Those who read these pages will feel that there is little hope for humanity, but the remedy has been found, and can be quickly and mercifully applied. A rigid system of selection through the elimination of those who are weak or unfit—in other words, social failures—would solve the whole question in a century, as well as enable us to get rid of the undesirables who crowd our jails, hospitals and insane asylums. The individual himself can be nourished, educated and protected by the community during his lifetime, but the state through sterilization must see to it that his line stops with him or else future generations will be cursed with an ever increasing load of victims of misguided sentimentalism. This is a practical, merciful and inevitable solution of the whole problem and can be applied to an ever widening circle of social discards, beginning always with the criminal, the diseased and the insane and extending gradually to types which may be called weaklings rather than defectives and perhaps ultimately to worthless race types.
Efforts to increase the birth rate of the genius producing classes of the community, while most desirable, encounter great difficulties. In such efforts we encounter social conditions over which we have as yet no control. It was tried two thousand years ago by Augustus and his efforts to avert race suicide and the extinction of the old Roman stock were singularly prophetic of what some far seeing men are attempting in order to preserve the race of native Americans of Colonial descent.
Man has the choice of two methods of race improvement. He can breed from the best or he can eliminate the worst by segregation or sterilization. The first method was adopted by the Spartans, who had for their national ideals military efficiency and the virtues of self-control, and along these lines the results were completely successful. Under modern social conditions it would be extremely difficult in the first instance to determine which were the most desirable types, except in the most general way and even if a satisfactory selection were finally made, it would be in a democracy a virtual impossibility to limit by law the right to breed to a privileged and chosen few.
Interesting efforts to improve the quality as well as the quantity of the population, however, will probably be made in more than one country after the war has ended.
Experiments in limiting reproduction to the undesirable classes were unconsciously made in mediæval Europe under the guidance of the church. After the fall of Rome social conditions were such that all those who loved a studious and quiet life were compelled to seek refuge from the violence of the times in monastic institutions and upon such the church imposed the obligation of celibacy and thus deprived the world of offspring from these desirable classes.
In the Middle Ages, through persecution resulting in actual death, life imprisonment and banishment, the free thinking, progressive and intellectual elements were persistently eliminated over large areas, leaving the perpetuation of the race to be carried on by the brutal, the servile and the stupid. It is now impossible to say to what extent the Roman Church by these methods has impaired the brain capacity of Europe, but in Spain alone, for a period of over three centuries from the years 1471 to 1781, the Inquisition condemned to the stake or imprisonment an average of 1,000 persons annually. During these three centuries no less than 32,000 were burned alive and 291,000 were condemned to various terms of imprisonment and other penalties and 17,000 persons were burned in effigy, representing men who had died in prison or had fled the country.
No better method of eliminating the genius producing strains of a nation could be devised and if such were its purpose the result was eminently satisfactory, as is demonstrated by the superstitious and unintelligent Spaniard of to-day. A similar elimination of brains and ability took place in northern Italy, in France and in the Low Countries, where hundreds of thousands of Huguenots were murdered or driven into exile.
Under existing conditions the most practical and hopeful method of race improvement is through the elimination of the least desirable elements in the nation by depriving them of the power to contribute to future generations. It is well known to stock breeders that the color of a herd of cattle can be modified by continuous destruction of worthless shades and of course this is true of other characters.

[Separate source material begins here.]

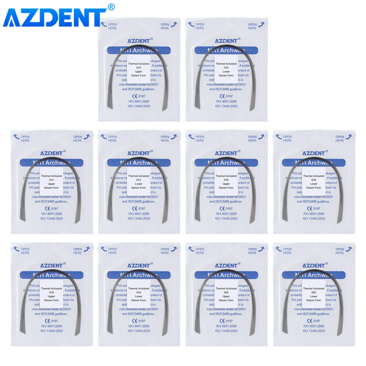 10 упаковок стоматологических ортодонтических сводов AZDENT, провода тепловой активации, Niti, круглые своды, натуральная форма, верхняя, нижняя, 10 цветов

Black sheep, for instance, have been practically obliterated by cutting out generation after generation all animals that show this color phase, until in carefully maintained flocks a black individual only appears as a rare sport.
In mankind it would not be a matter of great difficulty to secure a general consensus of public opinion as to the least desirable, let us say, ten per cent of the community. When this unemployed and unemployable human residuum has been eliminated together with the great mass of crime, poverty, alcoholism and feeblemindedness associated therewith it would be easy to consider the advisability of further restricting the perpetuation of the then remaining least valuable types. By this method mankind might ultimately become sufficiently intelligent to choose deliberately the most vital and intellectual strains to carry on the race.
In addition to selection by climatic environment man is now, and has been for ages, undergoing selection through disease. He has been decimated throughout the centuries by pestilences such as the black death and bubonic plague. In our fathers’ days yellow fever and smallpox cursed humanity. These plagues are now under control, but similar diseases now regarded as mere nuisances to childhood, such as measles, mumps and scarlatina, are terrible scourges to native populations without previous experience with them. Add to these smallpox and other white men’s diseases and one has the great empire builders of yesterday. It was not the swords in the hands of Columbus and his followers that decimated the American Indians, it was the germs that his men and their successors brought over, implanting the white man’s maladies in the red man’s world. Long before the arrival of the Puritans in New England, smallpox had flickered up and down the coast until the natives were but a broken remnant of their former numbers.